| EXERCISE INSTRUCTIONS |
Output the data below only from the line containing "Hai lần gần" up to and including the line containing "私たちFC BIGWAVEは", exact and with the pictures left out.

▬▬▬

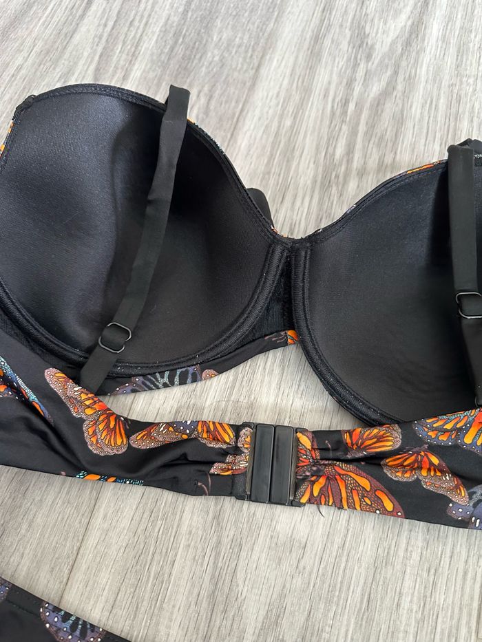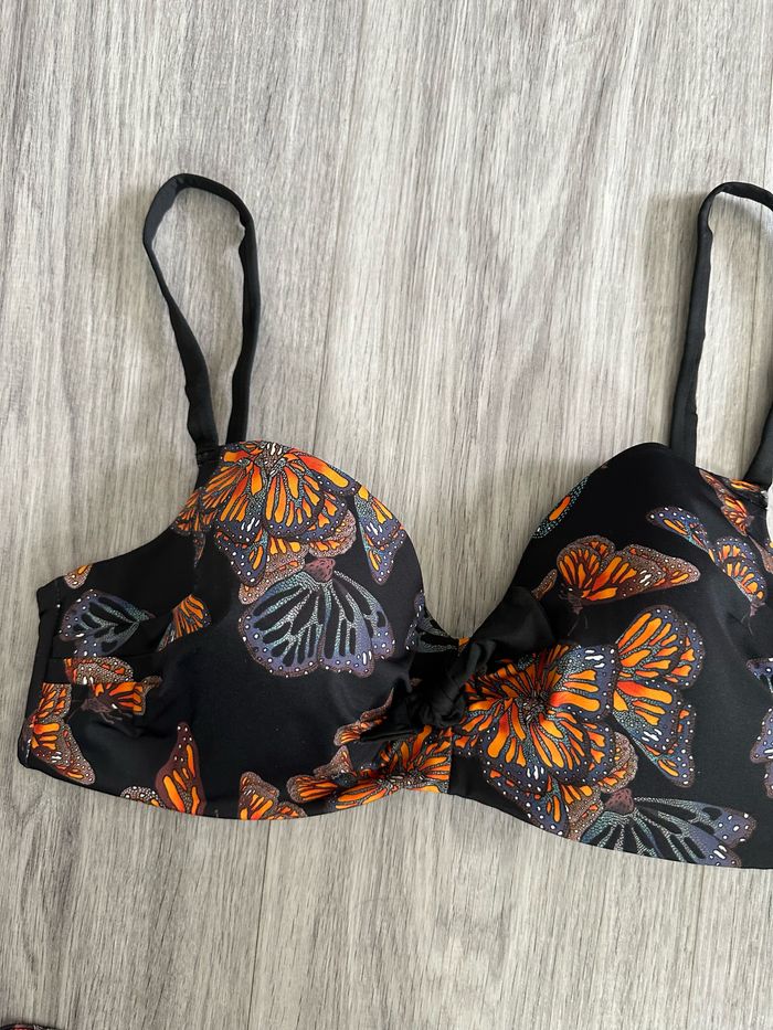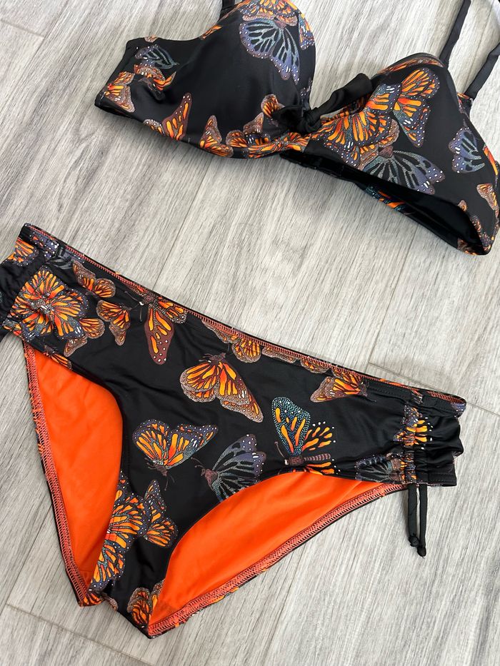 Maillot de bain - Excellent état - Taille 42/44 équivalent XL/XXL - Imprimés papillons - Orange et noir - Deux pièces - Bretelles réglables - Doublure intérieure - Plus d’étiquette de taille ni de matière
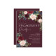 Boho Burgundy e Convite para Festas de noivado florais Blush. Esse convite se caracteriza por boho burgundy e rosas e flores esmagados com duas fontes modernas de alta classe que moldam as tendências dos eventos festivos atuais e futuros.
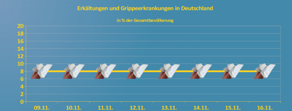 Die für diese Jahreszeit milden Temperaturen und Hochdruckwetter tragen zu einer meist entspannten Erkälltungs- und Grippesitutation im Land bei.
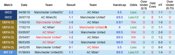 Hai lần gần nhất MU và AC Milan gặp nhau thuộc khuôn khổ giải giao hữu IC Cup. Kết quả hai trận đấu này đều khép lại với kịch bản bất phân thắng bại sau 90 phút (hoà 1-1 và 2-2). Trên chấm sút phạt luân lưu, Quỷ đỏ 2 lần giành chiến thắng.
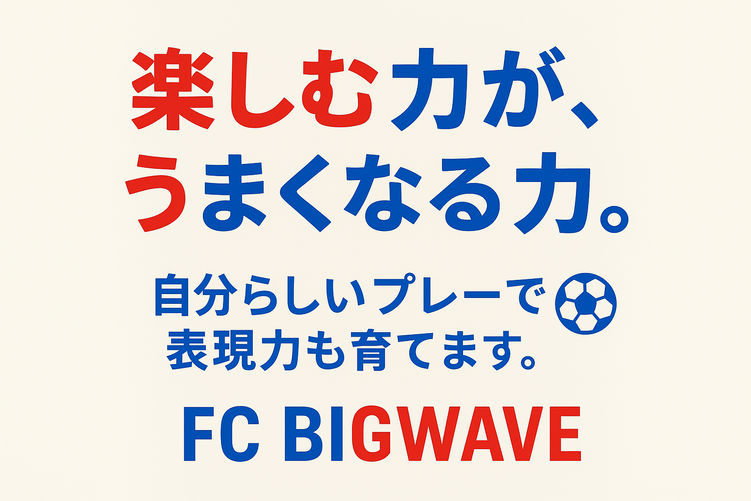 私たちFC BIGWAVEは、この最も成長する年代に「楽しみながら学び、自由に表現するサッカー」を提供します。
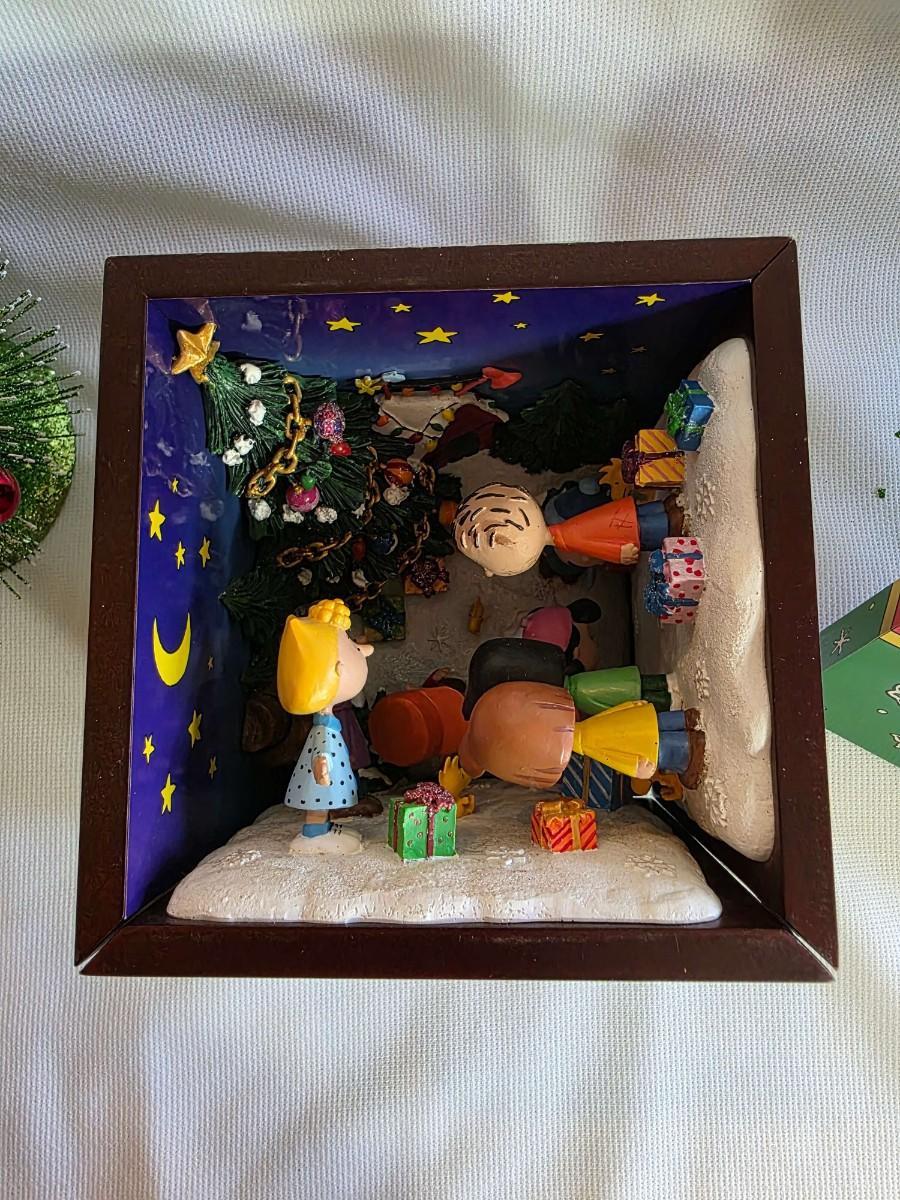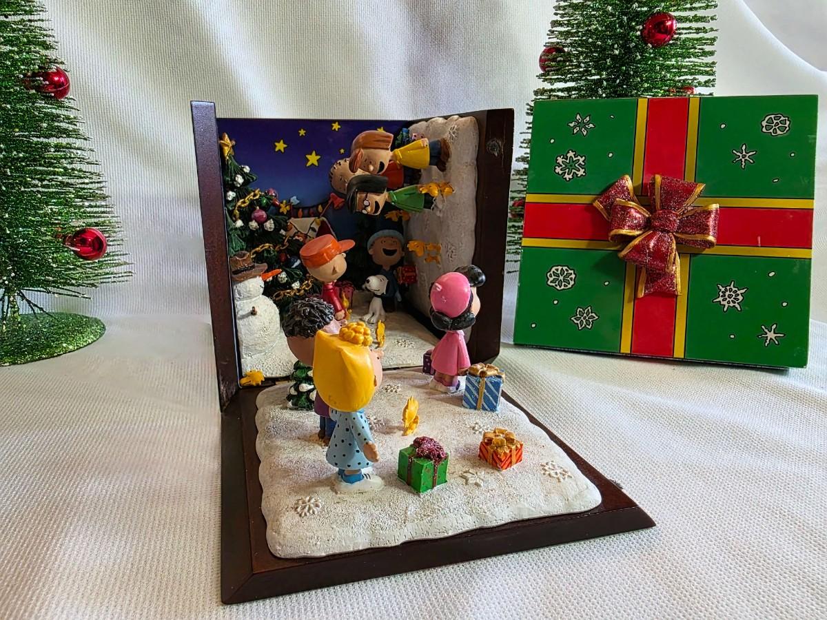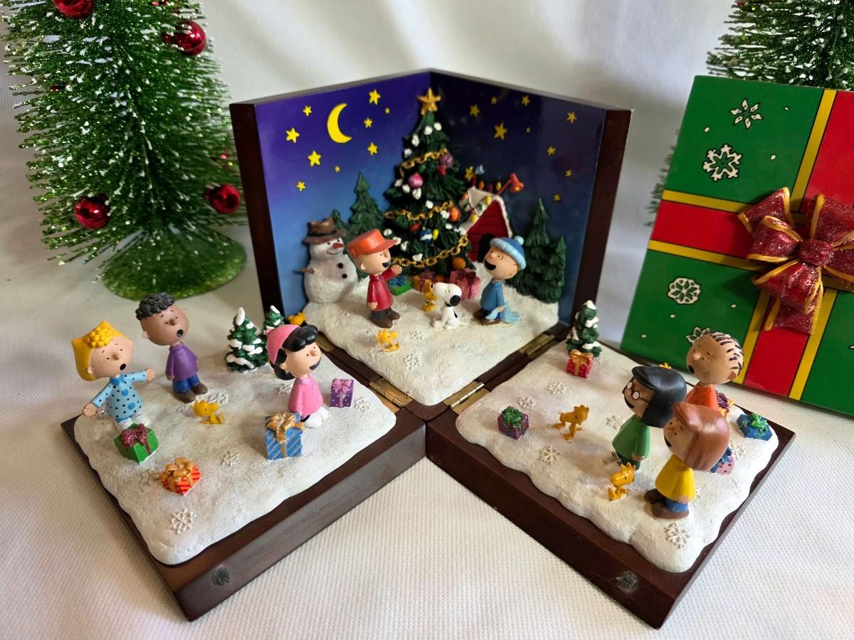 Danbury Mint, "Merry Christmas Charlie Brown!" This is a very rare item, with no others currently available and very few comps with sold prices for over $300. Two of the small Woodstocks broke during repackaging, but they were clean breaks and can probably be gorilla glued.

▬▬▬

| PROBLEM SOLUTION |
 Hai lần gần nhất MU và AC Milan gặp nhau thuộc khuôn khổ giải giao hữu IC Cup. Kết quả hai trận đấu này đều khép lại với kịch bản bất phân thắng bại sau 90 phút (hoà 1-1 và 2-2). Trên chấm sút phạt luân lưu, Quỷ đỏ 2 lần giành chiến thắng.
 私たちFC BIGWAVEは、この最も成長する年代に「楽しみながら学び、自由に表現するサッカー」を提供します。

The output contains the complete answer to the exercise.